● BRIEF
Leaving out every picture, copy the lines of the material below exactly, from the line containing "学研教室様の野立て看板を設置させていただきました。" through the line containing "oval with moulded".

● GIVEN DATA
▽
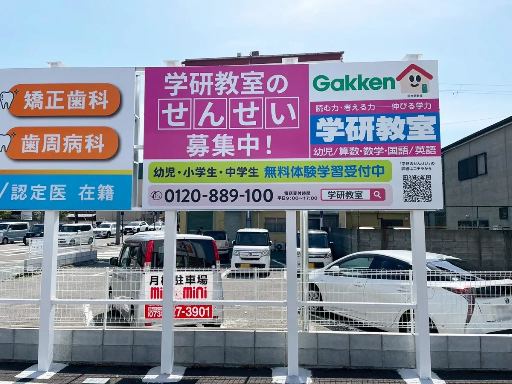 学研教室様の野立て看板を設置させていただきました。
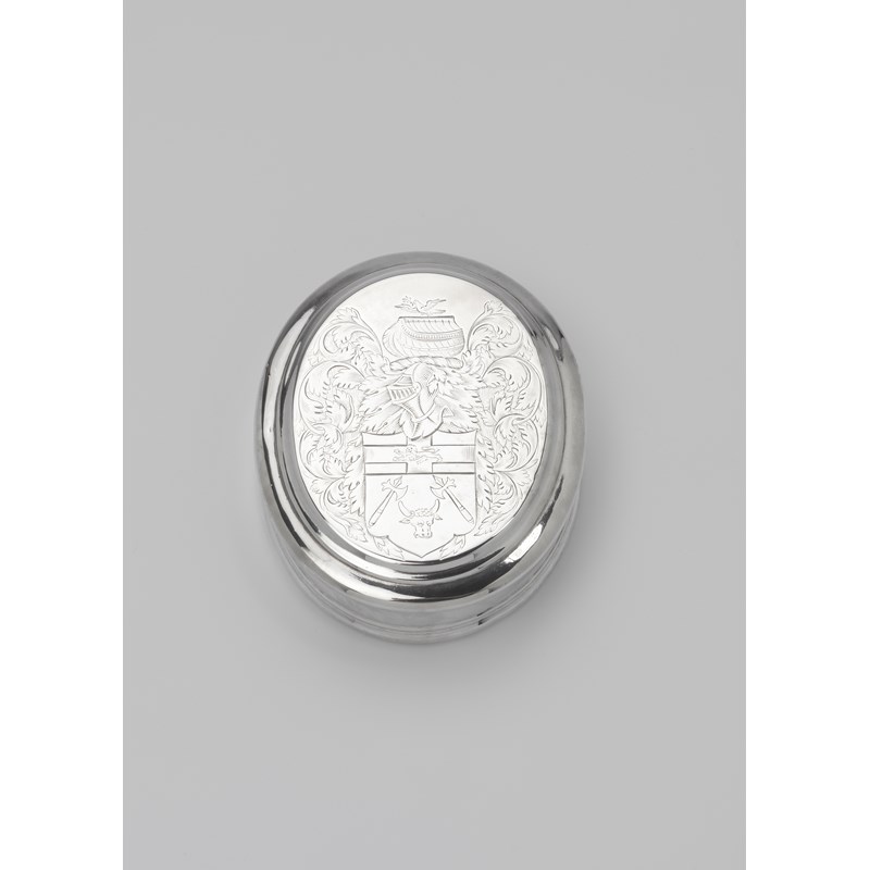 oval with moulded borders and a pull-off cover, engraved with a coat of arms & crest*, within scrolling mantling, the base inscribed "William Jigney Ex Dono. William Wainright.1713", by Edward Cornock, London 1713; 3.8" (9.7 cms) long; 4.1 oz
△
▽
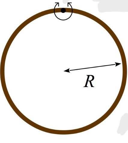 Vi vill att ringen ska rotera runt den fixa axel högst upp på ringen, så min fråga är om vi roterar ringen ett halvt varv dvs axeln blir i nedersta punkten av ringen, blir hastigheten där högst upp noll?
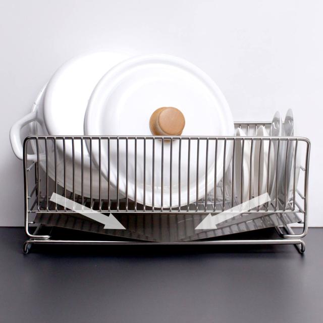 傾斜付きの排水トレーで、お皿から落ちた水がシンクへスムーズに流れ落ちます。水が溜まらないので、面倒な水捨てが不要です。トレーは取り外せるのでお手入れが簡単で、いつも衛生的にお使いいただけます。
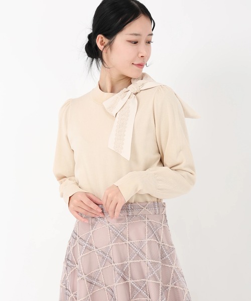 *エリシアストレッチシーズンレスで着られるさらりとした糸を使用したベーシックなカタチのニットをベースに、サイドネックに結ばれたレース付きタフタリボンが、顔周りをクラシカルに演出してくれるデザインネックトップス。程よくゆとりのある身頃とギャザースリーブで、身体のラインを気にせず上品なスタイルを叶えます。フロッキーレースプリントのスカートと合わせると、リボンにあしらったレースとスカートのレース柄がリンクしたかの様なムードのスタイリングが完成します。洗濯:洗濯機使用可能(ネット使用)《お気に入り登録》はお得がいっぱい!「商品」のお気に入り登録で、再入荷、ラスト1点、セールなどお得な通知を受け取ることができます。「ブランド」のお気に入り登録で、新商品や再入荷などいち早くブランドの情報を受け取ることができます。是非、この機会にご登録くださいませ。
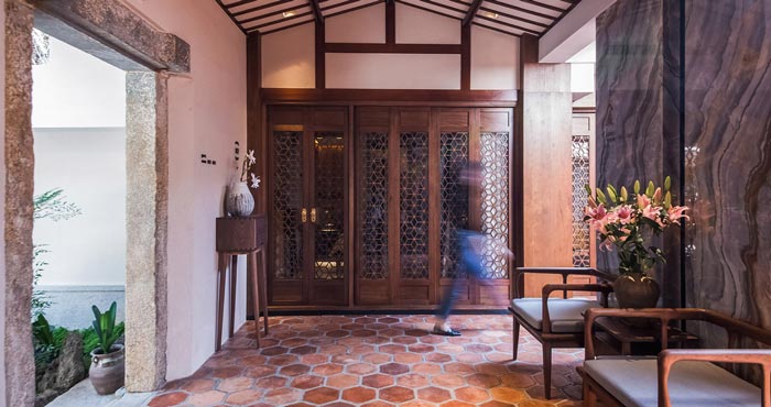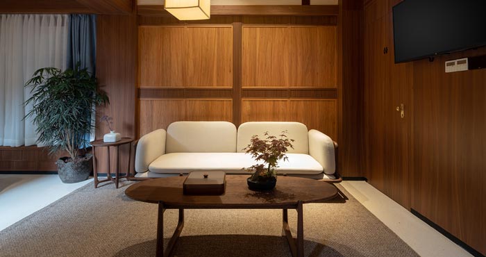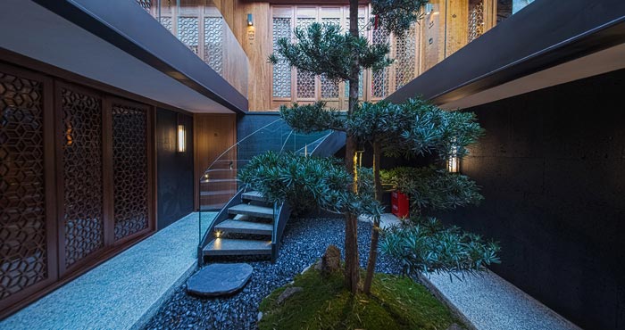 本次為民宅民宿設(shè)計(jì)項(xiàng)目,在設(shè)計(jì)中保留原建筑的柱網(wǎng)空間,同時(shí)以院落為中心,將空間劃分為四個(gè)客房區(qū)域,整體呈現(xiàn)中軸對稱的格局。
△
▽
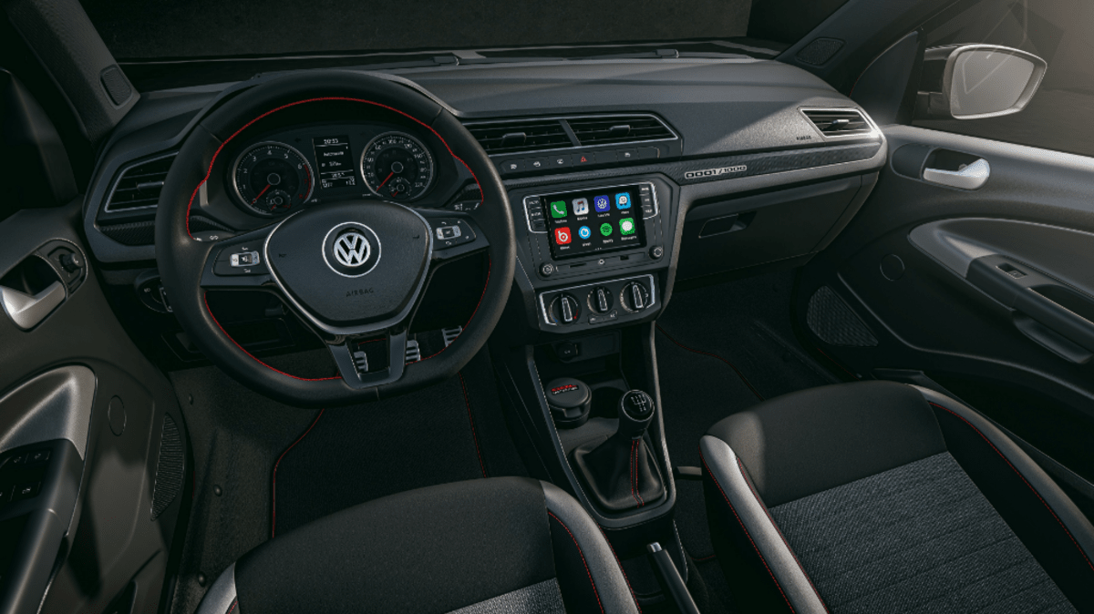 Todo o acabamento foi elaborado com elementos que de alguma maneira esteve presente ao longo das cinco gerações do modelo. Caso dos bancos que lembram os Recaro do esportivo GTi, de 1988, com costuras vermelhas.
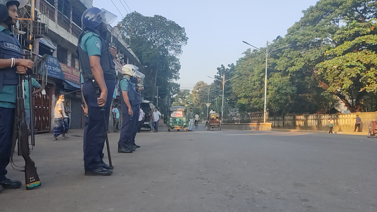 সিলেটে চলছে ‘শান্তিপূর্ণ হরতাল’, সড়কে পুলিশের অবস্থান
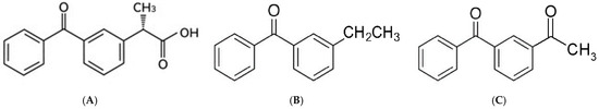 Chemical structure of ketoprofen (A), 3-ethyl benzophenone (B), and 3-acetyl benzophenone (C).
△
● ANSWER FOR THIS EXERCISE
 学研教室様の野立て看板を設置させていただきました。
 oval with moulded borders and a pull-off cover, engraved with a coat of arms & crest*, within scrolling mantling, the base inscribed "William Jigney Ex Dono. William Wainright.1713", by Edward Cornock, London 1713; 3.8" (9.7 cms) long; 4.1 oz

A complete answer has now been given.